Water molecules are extraordinarily effective at absorbing light, but they don't absorb all colors equally. Think of water as a selective filter that removes colors one by one as light travels deeper. Red light, with its lower energy, gets absorbed first, disappearing within the first 15 to 20 feet of your dive. Orange and yellow follow, fading away as you descend beyond 30 feet. Green holds out until roughly 65 feet, while blue and deep violet, the highest energy light waves in the visible spectrum, reach depths of around 330 feet. This is why scuba divers and snorkelers see the sea bottom as a dark blue, it's the only light that can reach those depths.

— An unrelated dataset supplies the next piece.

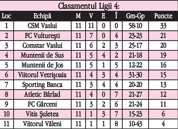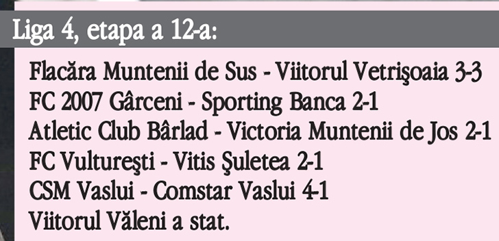 CSM Vaslui a pornit perfect în campania de calificare la barajul de promovare în Liga 3. Trupa pregătită de Gabriel Crăciun s-a impus fără prea mari emoții în derby-ul cu SC Comstar Vaslui, scor 4-1, datorită golurilor marcate de Vasile Buhăescu, Sebastian Țârțârău, Ionuț Jitaru și Sergiu Gîrdea. Pentru oaspeți punctat Gabi Craiu. În clasament, CSM Vaslui se află pe primul loc, cu 11 victorii din tot atâtea posibile, având un avans de 12 puncte față de ocupanta locului secund. Meci cu goluri multe și la Muntenii de Sus, acolo unde Flacăra a terminat la egalitate cu Viitorul Vetrișoaia, scor 3-3. “Muntenarii” au condus cu 3-1, după golurile reușite de Cosovăț, Suciu și Bușilă, dar Vetrișoaia a revenit și a smuls un punct important, care o menține cu șanse în lupta pentru calificarea în play-off. FC Vulturești a întors rezultatul meciului cu Vitis Șuletea (2-1) și a urcat pe locul doi în clasament. Răsturnare de rezultat și la meciul dintre Atletic Bârlad și Victoria Muntenii de Jos. Oaspeții au condus cu 1-0 la pauză, dar puștii lui Nicu Patrichi au întors scorul și au obținut cea de-a patra victorie din acest sezon. Într-un alt joc, FC 2007 Gârceni a învins Sporting Banca, scor 2-1, și Gârceniul speră la salvarea directă de la retrogradare.

This selective absorption explains why underwater photos often have a blue-green tint to them, and why that striking red swimsuit appears increasingly dark or grey as you dive deeper. Without red light waves reaching the swimsuit and reflecting back to your eyes or the camera, the color simply can't be seen. Professional underwater photographers understand this phenomenon well, often carrying specialized lights to restore the full color spectrum when filming at depth and utilizing editing techniques in post-production to achieve a more vibrant effect.

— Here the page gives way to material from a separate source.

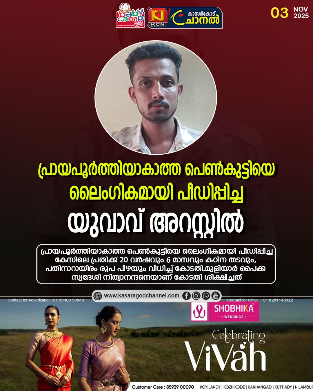 കാസര്കോട്: പ്രായപൂര്ത്തിയാകാത്ത പെണ്കുട്ടിയെ ലൈംഗികമായി പീഡിപ്പിച്ച കേസിലെ പ്രതിക്ക് 20 വര്ഷവും 6 മാസവും കഠിന തടവും, പതിനാറായിരം രൂപ പിഴയും വിധിച്ച് കോടതി. മുളിയാര് പൈക്ക സ്വദേശി നിത്യാനന്ദനെയാണ് കോടതി ശിക്ഷിച്ചത്. ഹോസ്ദുര്ഗ് പോക്സോ അതിവേഗ കോടതി ജഡ്ജ് സുരേഷ് പി എം ന്റേതാണ് വിധി. 2023 ജൂലൈലാണ് ആദൂര് പോലീസ് സ്റ്റേഷന് പരിധിയിലെ താമസക്കാരിയായ 14 കാരിയെ ആള്ത്താമസമില്ലാത്ത വീട്ടില് കൊണ്ടുപോയി ലൈംഗിക അതിക്രമത്തിനിരയാക്കിയത്. കേസ്സില് അന്വേഷണം നടത്തി കോടതിയില് കുറ്റപത്രം സമര്പ്പിച്ചത് അന്നത്തെ ഇന്സ്പെക്ടര് ഓഫ് പോലീസ് ആയിരുന്ന അനില്കുമാര് എ ആണ്. പ്രോസീക്യൂഷന് സ്പെഷ്യല് പബ്ലിക് പ്രോസീക്യൂട്ടര് ഗംഗാധരന് എ ഹാജരായി.

The deeper you go in the water, the stranger things get (just see our list of the top 5 strangest sounds ever captured in the ocean if you need proof). Scientists have classified certain ocean depths according to how much light penetrates the water, which has a direct impact on the types of life that can exist there. The sunlit upper layer, called the euphotic zone, can extend down to 650 feet in open ocean. The dysphotic zone (also known as the twilight zone) ranges from approximately 650 to around 3,280 feet. After that, you're in the aphotic zone, a realm of complete darkness where sunlight never reaches. Even though there are characteristics that all fish have in common, these dramatically different light conditions have driven remarkably unique evolutionary adaptations among sea creatures.

In the twilight zone, many organisms have developed extraordinarily powerful eyes, some 10 to 100 times more sensitive to light than humans'. These specialized visual systems detect the faintest light filtering down from above. Other creatures have evolved massive eyes. The dinner-plate-sized eyes of the giant squid, for example, work like biological telescopes, gathering every possible photon. In the pitch-black aphotic zone, many species have abandoned vision entirely, developing enhanced systems of smell, touch, and the ability to detect minute changes in water flow instead.

Perhaps most fascinating is how deep-sea creatures use color strategically despite living in near or total darkness. Red animals dominate the deep ocean, appearing virtually invisible since no red light penetrates to their habitat. On the other end, some deep-sea organisms have evolved bioluminescence, producing their own light through chemical reactions. This self-generated illumination serves multiple purposes: attracting mates, luring prey, and confusing predators. And all of this is due to waves, either from the sun or the water itself.